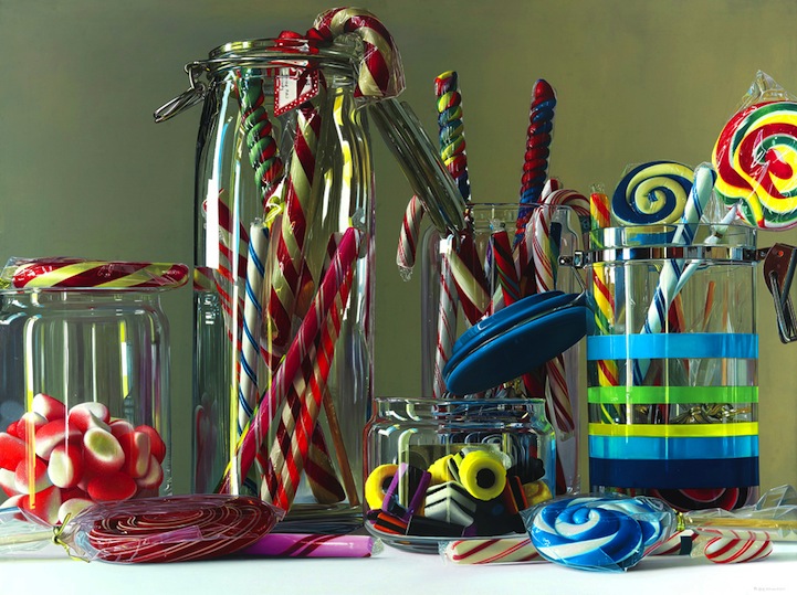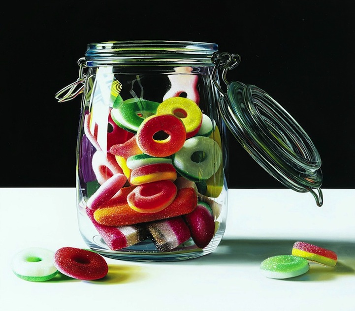 Anyone with a sweet tooth will instantly love this work by Italian artist Roberto Bernardi. Viewers will be shocked by the collection of candy still life images when they learn that these aren't photographs, they are actually hyperrealistic oil paintings on canvas. The delicious details are astonishing and it's hard to believe that these images aren't recorded with a camera.
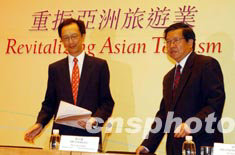 博鰲亞洲論壇秘書長龍永圖(右)、香港財政司司長梁錦松,六月二十六日在香港舉行記者會,公布“新形勢下的國際旅游合作大會──重振亞洲旅游業”的詳情。該會議將于七月十四日至十五日在香港舉行。中新社記者 潘索菲
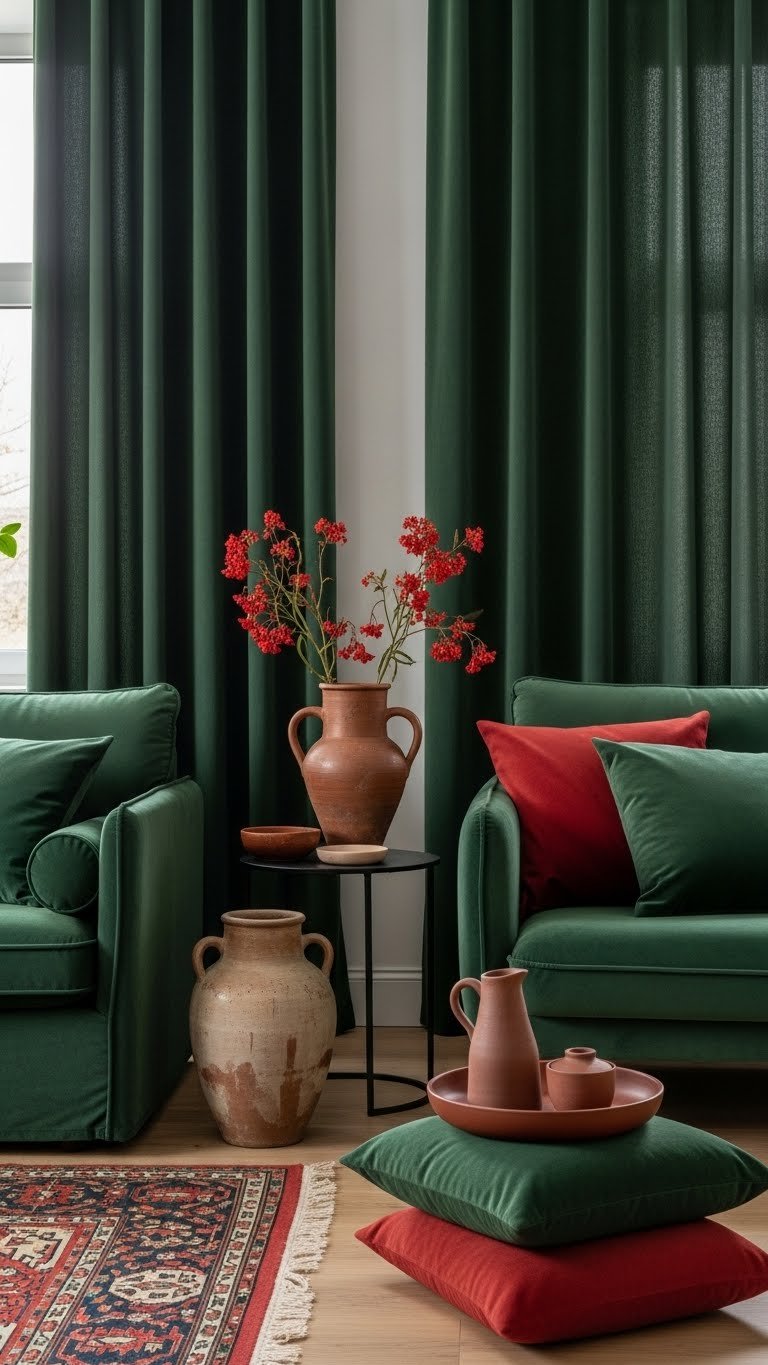 When you layer velvety forest greens with clay reds, rooms instantly feel softer and more grounded, as the deep coolness of green calms while the warm red adds earthy warmth and approachability.
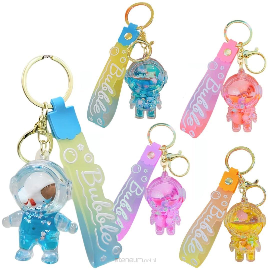 Każdy egzemplarz został zaprojektowany z dbałością o szczegóły. Do zestawu dołączony jest szeroki, elastyczny pasek silikonowy z wypukłym napisem "Bubble" oraz motywami gwiazdek i baniek. Całość wieńczy solidne zapięcie w kolorze złotym, składające się z klasycznego kółka na klucze oraz praktycznego karabińczyka, który umożliwia szybkie przepięcie gadżetu.

▶ _Required action_: For this exercise, return the data above exactly and leave every picture out.

▶ _Solved exercise_:
 Anyone with a sweet tooth will instantly love this work by Italian artist Roberto Bernardi. Viewers will be shocked by the collection of candy still life images when they learn that these aren't photographs, they are actually hyperrealistic oil paintings on canvas. The delicious details are astonishing and it's hard to believe that these images aren't recorded with a camera.
 博鰲亞洲論壇秘書長龍永圖(右)、香港財政司司長梁錦松,六月二十六日在香港舉行記者會,公布“新形勢下的國際旅游合作大會──重振亞洲旅游業”的詳情。該會議將于七月十四日至十五日在香港舉行。中新社記者 潘索菲
 When you layer velvety forest greens with clay reds, rooms instantly feel softer and more grounded, as the deep coolness of green calms while the warm red adds earthy warmth and approachability.
 Każdy egzemplarz został zaprojektowany z dbałością o szczegóły. Do zestawu dołączony jest szeroki, elastyczny pasek silikonowy z wypukłym napisem "Bubble" oraz motywami gwiazdek i baniek. Całość wieńczy solidne zapięcie w kolorze złotym, składające się z klasycznego kółka na klucze oraz praktycznego karabińczyka, który umożliwia szybkie przepięcie gadżetu.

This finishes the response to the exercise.